Postby Zipper » Tue Nov 07, 2017 12:23 am

“Truer words have never been spoken,” Zipper said, striding in like she owned the place.

The armored bodyguard looked over his shoulder to see his client waltzing, “Zipper!” Gangui stood up to greet her, leaving the sword on the table absentmindedly. He motioned to his new, clean outfit. My hygiene better be up to par as described in our contract...

Robin clamored up, purposely knocking over a chair, she suspected. “My heart! The fair lady Zippomaria,” he took his time, careful with each syllable, “Please do not punish me, your grace! I have forgotten to bathe.” He offered his hands, palms up, like a child.

She stared at him with a look that screamed murder, considered doing to him what Torvyn had denied her in their first encounter, then reconsidered. The less magic Gangui saw from either of them, the better.

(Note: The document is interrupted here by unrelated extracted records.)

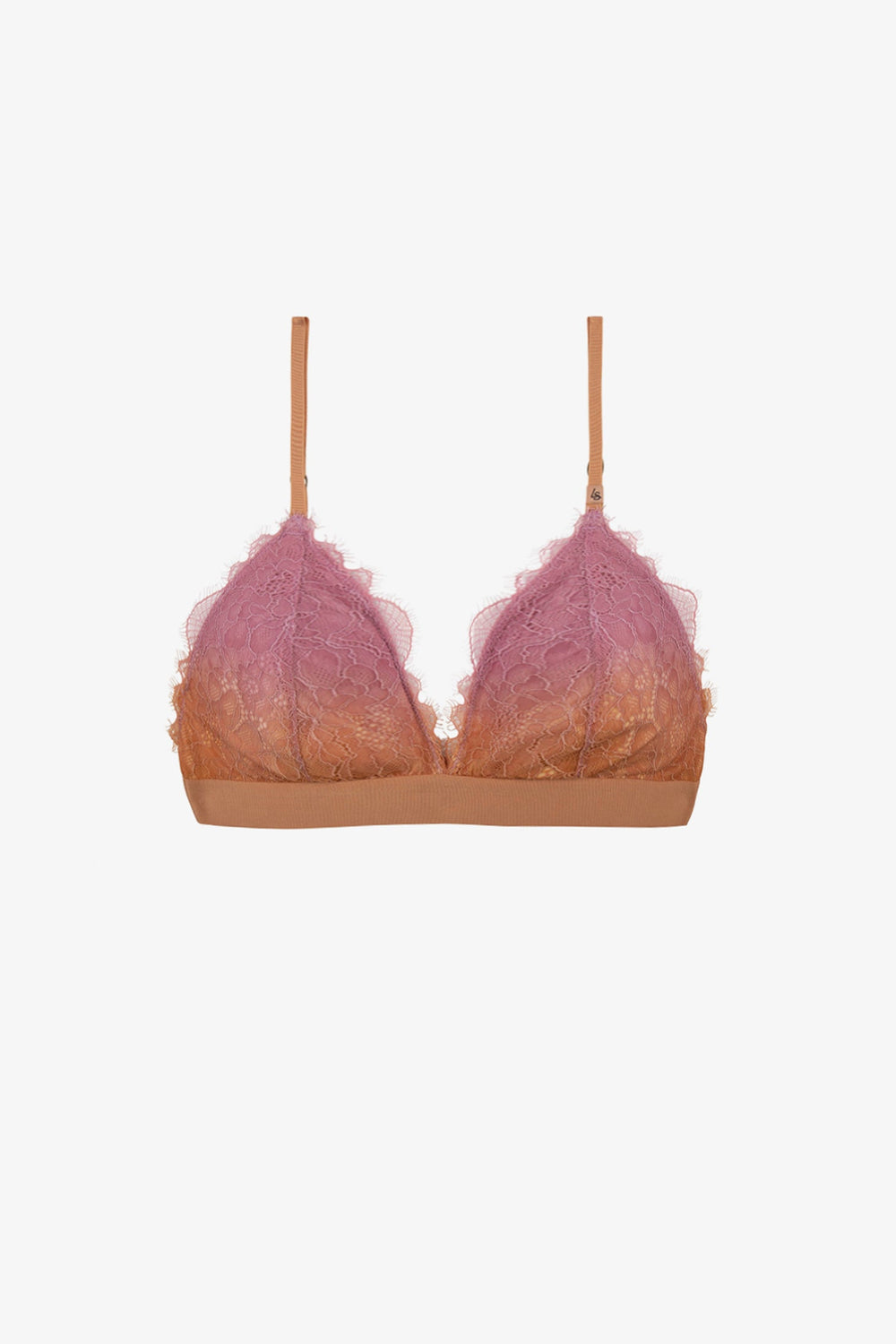 Sujetador Love Stories confeccionado en encaje floral teñido a mano logrando un efecto degradado.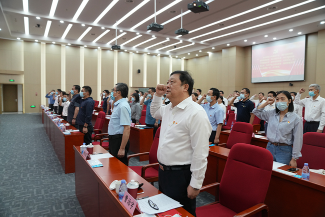 主题党日活动以现场全体党员重温入党誓词开始,邀请中央党史和文献研究院机关党委副书记穆兆勇同志以“光辉旗帜 根本遵循”为题授课,解读了党的二十大修改党章的重大原则、重大观点、重大论断、重大概念、重大部署,为集团党建、纪检、巡视干部践行“学思想、强党性、重实践、建新功”的时代要求,提供了理论的源头活水,提供了学习深化的指引指南,使同志们更加深刻领悟习近平新时代中国特色社会主义思想和党章深邃的政治立意和理论内涵,更加深刻认识把握“两个确立”的决定性意义,更加深刻领会在强国建设、民族复兴的新征程上,要始终心怀“国之大者”、牢记初心使命的重大意义。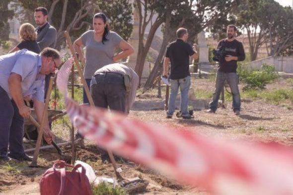 Los expertos han localizado una caja vacía, en la que debía estar un crío nacido en 1976. La madre lleva mes y medio al pie de la fosa buscando respuestas.

“You’re looking,” Zipper said, turning to her new retainer, looking him up and down, trying to find the exact word for it. “Acceptable, Mister Gangui.” As much as she wanted to, she could not produce the complement.

Robin kicked up the chair, louder still. He fell into it’s thatched seat, and the floor groaned. “And me, your highness? Please, I beg your criticism!” The idiot was rude and loudmouthed. She was sorely tempted to tell Gangui to slice him from balls to non-existent brain, to see whether his word was truly as good as his bond. Instead she did nothing, so he simply waited, hands on hips, watching silently. Licking the top row of his teeth, his eyes darted between Robin and Zipper.

“Mister Stark,” she said with a small, uncertain smile. Even the honorific sounded too good for him. “I enjoy your banter,” Hahahaha was the sound of the mental vomit she puked. “But we have some business to attend to.”

Robin groaned, collapsing further into the chair, his neck lolling on the back. “Just kill me.”

Gangui spoke up, “Someone will…” Clearly sarcastic.

“Someone is tempted to,” Zipper mumbled under her breath, before saying in a louder voice: “In case my friend here has mangled his introduction, Mister Stark will be working with us.”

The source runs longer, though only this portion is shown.